Starting point is 00:10:09 saying that we need a better way to serve our development stakeholders, and so we have to create next-generation platforms and shared services and so forth to maximize their productivity. So I thought that was super interesting. The second observation is that the titles of the presenters – I had mentioned director of operations and director of development. It's usually a second or third line manager who's driving this transformation. I think my, I think kind of the, the reason seems to be is that usually it's someone about at that level who sees kind of the business problem that needs to be solved, but it's also close enough to the work where they can see where there's better ways of achieving the goal. So, you know, senior leadership is necessary, but often they're not the people who

Starting point is 00:11:04 are going to the velocity conferences or going to, you know, seeing what Google and Facebook are doing and then bringing that back. So, you know, I think that kind of phase one is you have successes being shown by, you know, the second, third line managers. And then the second part is that they've created such amazing wins is that they get senior leadership on board. And then the second part is that they've created such amazing wins is that they get senior leadership on board. And then often they're getting promoted. And often they're being put into a role where they're being asked to help elevate the state of the practice for the entire organization. That involves often hundreds, thousands, maybe even over 10,000 engineers across the organization. And do you think – I mean it makes a lot of sense that operations is feeling the pain

Starting point is 00:11:47 most because basically these are the ones that keep the systems alive. But now the pressure from business comes in to move faster. And I think the number one metric that people still try to improve, obviously, is lead time and getting value, real value to the user out faster. And obviously operations is then the one that feels the pain the most because if we are cranking up the speed of stuff that comes from development but that doesn't have either the right quality, they use different tools and there's the parties involved,

Starting point is 00:12:16 then operations is the one that in the end has the pager and needs to fix the problems and do the firefighting, right? I mean, is that where the main problem really comes from then, like kind of the thinking behind it? And it's so funny because I think that is really the – I think the perspective I brought along, and I think that was really kind of the intent behind the reason why the protagonist in the Phoenix Project was the head of operations. I think that feeling that the ops is viewed as the second-class citizen compared to development. They're given – development is given more budget, given more positional power and so forth. Development is viewed as strategic. Operations is tactical. But I think one of my learnings as we did the DevOps Handbook, and this especially came from Jez Humble, is I think we can paint all the reasons why ops suffers when DevOps principles and patterns aren't in place.

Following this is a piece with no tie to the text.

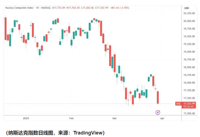與特朗普第一屆任期不同的是美國的股市沒有迎來上漲,反而上演了一波大跳水。從2月19日的高點開始,美國標普500指數一路狂跌,短短幾周內市值蒸發了3.4萬億美元。特朗普表示,將在對汽車加徵關税外很快將宣佈對藥品等也加徵關税後資金紛紛湧入避險資產,國際金價再創新高,美債收益率全線收跌。大型科技股普跌,谷歌跌4.88%,臉書跌4.29%,亞馬遜跌4.29%,特斯拉跌3.51%,微軟跌3.02%,,銀行股普跌,摩根士丹利跌3.08%,美國銀行跌3.08%,高盛跌2.83%。美國3月密歇根大學消費者信心指數終值為57,初值57.9,創逾兩年新低;未來一年通脹預期躍升至5%,創2022年11月來最高水平;長期通脹預期躍升至4.1%,創32年新高。密歇根大學消費者信心指數已連續兩月創下新低。
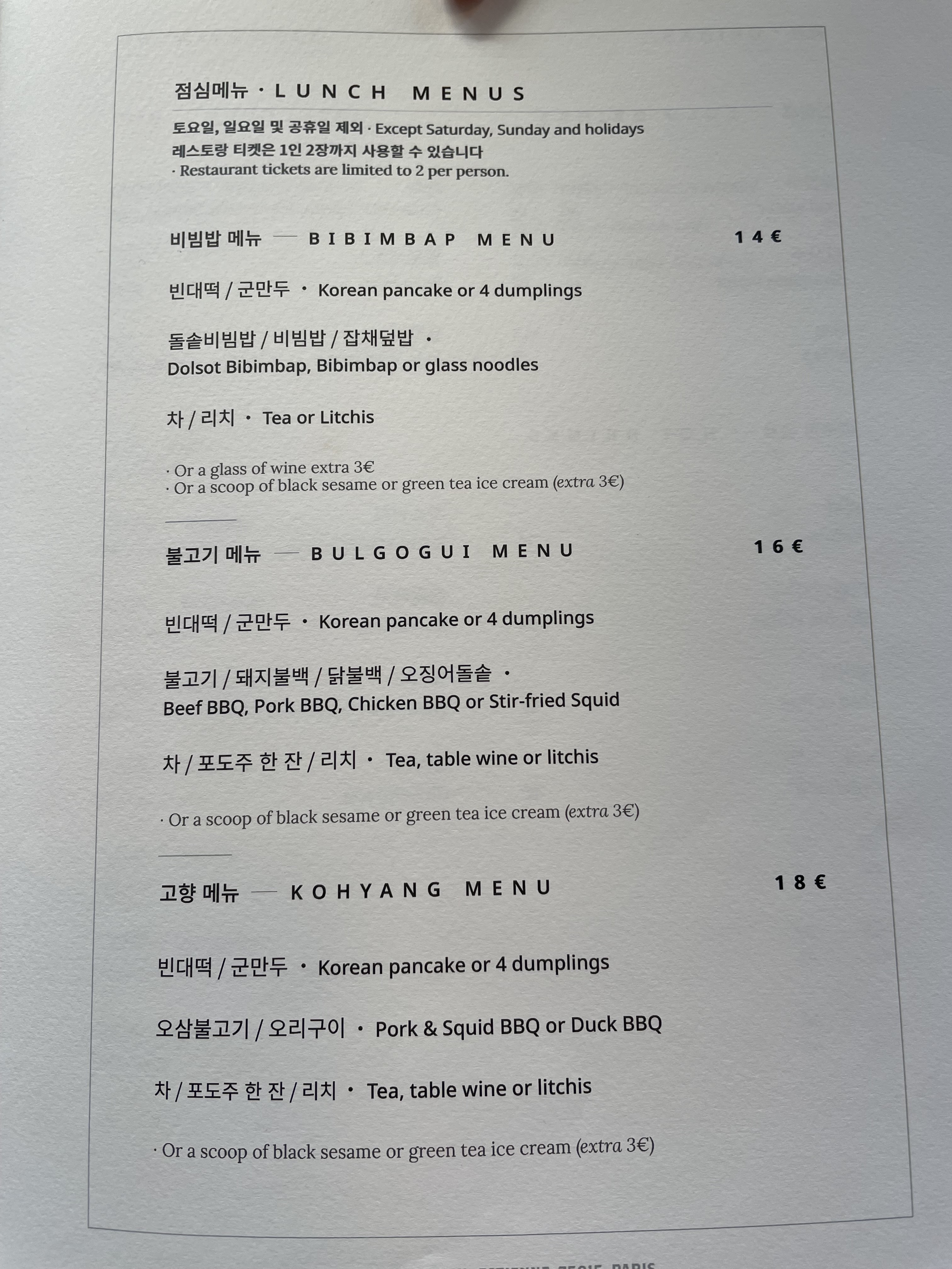 Nous avons très bien mangé le midi. Il y a 3 menu, deux avec BBQ et un avec Bibimbap. Nous avons pris un des menu avec BBQ, l'assaisonnement de la viande était très bon, le kimchi bien piquant comme il faut ! Le personnel a été très attentionné et à fourni de chouettes couverts à notre enfant. La glace au sésame maison était vraiment délicieuse. Nous reviendrons dès que possible...

Starting point is 00:13:15 But I think one of the things I learned and now feel very acutely is life is equally sucky for development as well. I mean, it's a terrible situation when you have these urgent data projects and almost all our time is spent waiting, right? And we're writing lines, we're writing code, but we actually never get to see how it actually runs in a production environment. We never get to see if customers actually get value because the team, the project team is dismantled and then shuffled around, you know, for the next project. And so as developers, we never actually get to see, you know, the downstream effects of our work. And we never actually get to see the reward of all the hard work that we've put into. So I think my, you know, with some, with that perspective, I think it's almost like the bad marriage where there's this incredible sense of symmetry that both sides are suffering equally.

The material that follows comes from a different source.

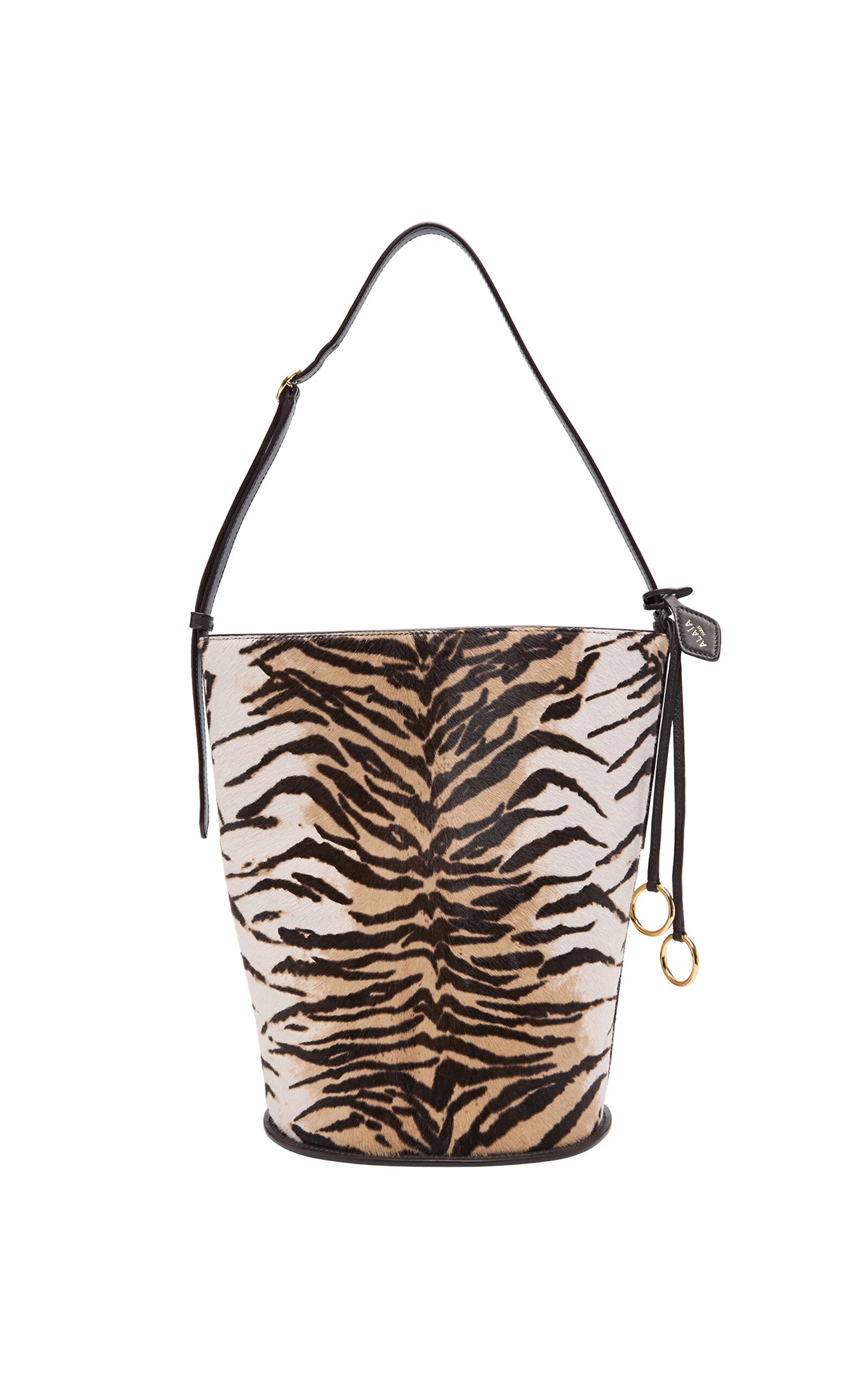 Founded by Azzedine Alaia, today the maison, under the direction of Pieter Mulier, continues the revered couturier's uncompromising vision which champions masterful cuts that accentuate the female form. The house is perhaps best known for its statement bags, edgy footwear, and laser-cut accessories. This slouchy bucket bag has a generous silhouette made from textured pony hair leather boasting bold tiger stripes. It's finished with signature ring metal charms and tag. PRODUCT DETAILS - Zip fastening - Composition: 100% calf hair leather - Made in Italy

Starting point is 00:14:08 And the business constituencies are equally – life is not so good for them either. I think there's just a marvelous – isn't that interesting that DevOps helps elevate the outcomes for dev, test, operations, information security, almost all of them equally in a very wonderfully symmetric fashion? I think one thing because you just told the story about the developer and it's not that easy for them either. I remember at least two stories from your book now. I think it was the Google story and then another one later in the book where you actually said developers were frightened to actually go into what's the ops area. They were frightened to actually deploy something in production because they were fearing that something is breaking. And I know this is a little stretch now, but I think this is also something that obviously DevOps tries to solve is showing both sides how tough the other side's job is.

Starting point is 00:15:12 And then in a collaborative way, figure out a way how as a team they can safer deploy faster and better quality software. I mean that's the kind of thing. But I just remember – I'm not sure what the other story was, but you had it in there and it's like, you know, developers were afraid of pushing the deploy button because they knew something was going to break. And then this realization actually then brought them to say, hey, if we would have tests that actually give me the safety net,

Starting point is 00:15:42 if we would have an automated pipeline that automatically executes these tests for me, if we have telemetry or measures and monitoring in place so that I can immediately see my impact, then this will take away the pain and then allow everybody to be more confident in the stuff that we do, right? Oh, absolutely. In fact, gosh, one of the things I love about the DevOps handbook is the index. I use it all the time. One of the neatest case studies I just really love in the DevOps Handbook is the birth of the automated testing culture at Google.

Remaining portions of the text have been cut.